How much overhead should we expect from enabling integer overflow checks? Using a compiler flag or built-in intrinsics, we should be able to do the check with a conditional branch that branches based on the overflow flag that
sub set. Code that looks like
add %esi, %edi
should turn into something like
add %esi, %edi jo <handle_overflow>
Assuming that branch is always correctly predicted (which should be the case for most code), the costs of the branch are the cost of executing that correctly predicted not-taken branch, the pollution the branch causes in the branch history table, and the cost of decoding the branch (on x86,
jno don’t fuse with
sub, which means that on the fast path, the branch will take up one of the 4 opcodes that can be come from the decoded instruction cache per cycle). That’s probably less than a 2x penalty per
sub on front-end limited in the worst case (which might happen in a tightly optmized loop, but should be rare in general), plus some nebulous penalty from branch history pollution which is really difficult to measure in microbenchmarks. Overall, we can use 2x as a pessimistic guess for the total penalty.

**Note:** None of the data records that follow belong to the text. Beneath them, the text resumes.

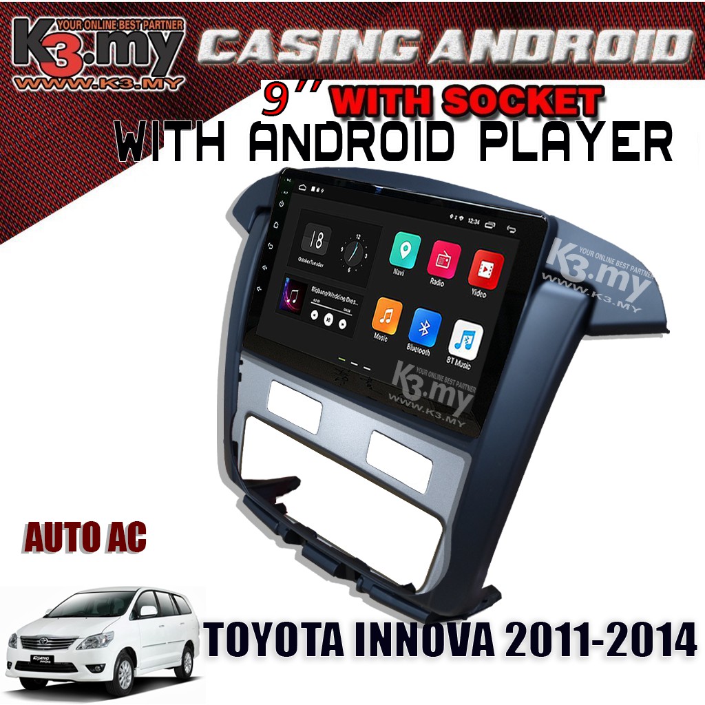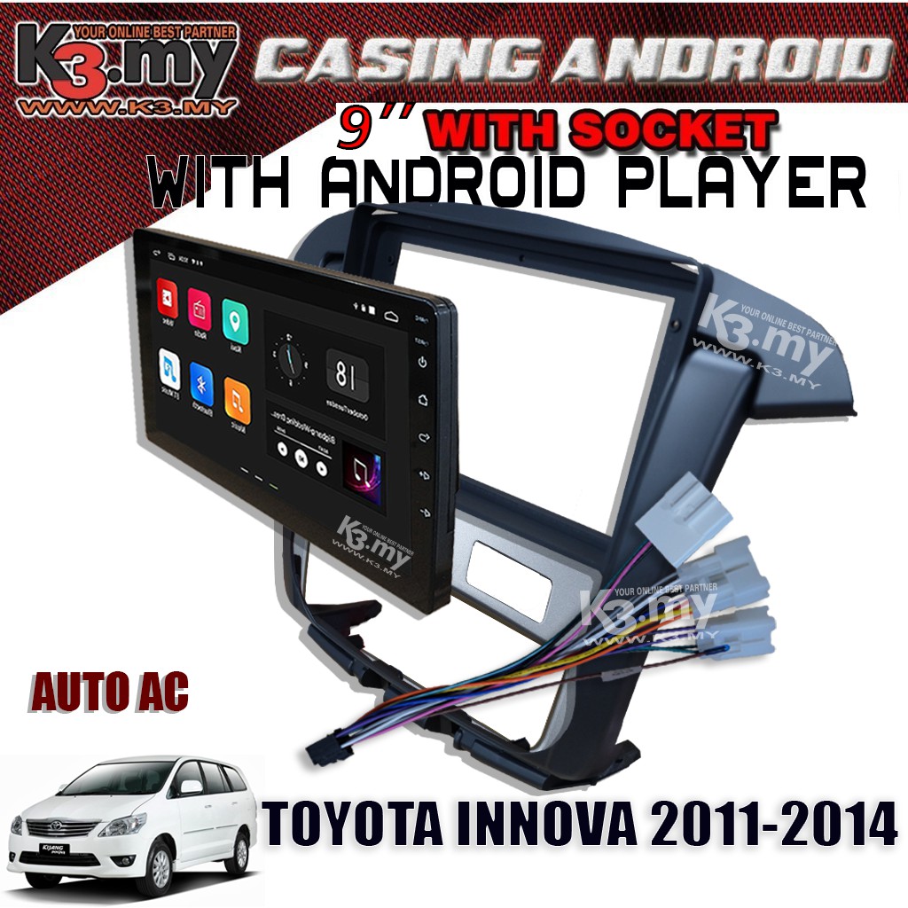Toyota Innova 2011-2014 9'' Android Player GPS Waze + Casing (Set) With Socket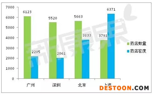 圖1 一線城市藥店數(shù)量與密度對比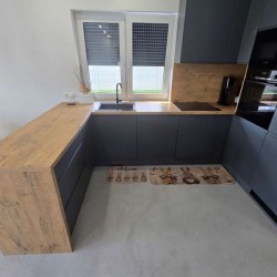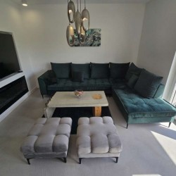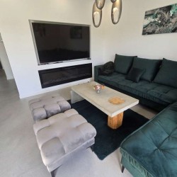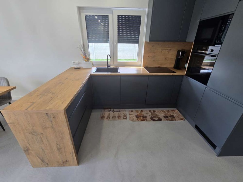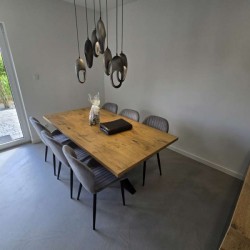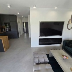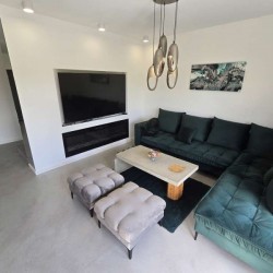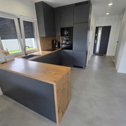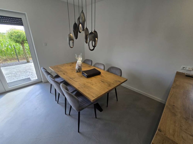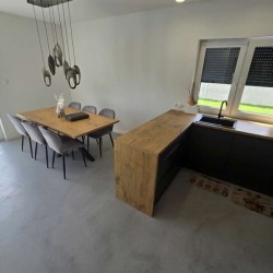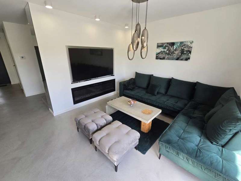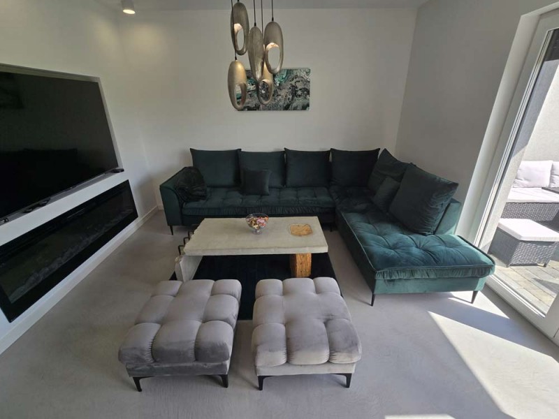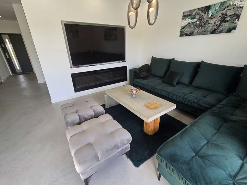 • Salonu z aneksem kuchennym – otwarta przestrzeń dzienna z dużym stołem jadalnianym, elektrycznym kominkiem, dużym telewizorem oraz charakterystycznym stolikiem kawowym z betonu i drewna. Kuchnia wykonana na wymiar, nowoczesna i funkcjonalna, wyposażona w sprzęt gospodarstwa domowego.

2x sounds like a lot, but how much time do applications spend adding and subtracting? If we look at the most commonly used benchmark of “workstation” integer workloads, specint, the composition is maybe 40% load/store ops, 10% branches, and 50% other operations. Of the 50% “other” operations, maybe 30% of those are integer add/sub ops. If we guesstimate that load/store ops are 10x as expensive as add/sub ops, and other ops are as expensive as add/sub, a 2x penalty on add/sub should result in a
(40*10+10+50 + 12) / (40*10+10+50) = 3% penalty. That the penalty for a branch is 2x, that add/sub ops are only 10x slower than load/store ops, and that add/sub ops aren’t faster than other “other” ops are all pessimistic assumptions, so this estimate should be on the high end for most workloads.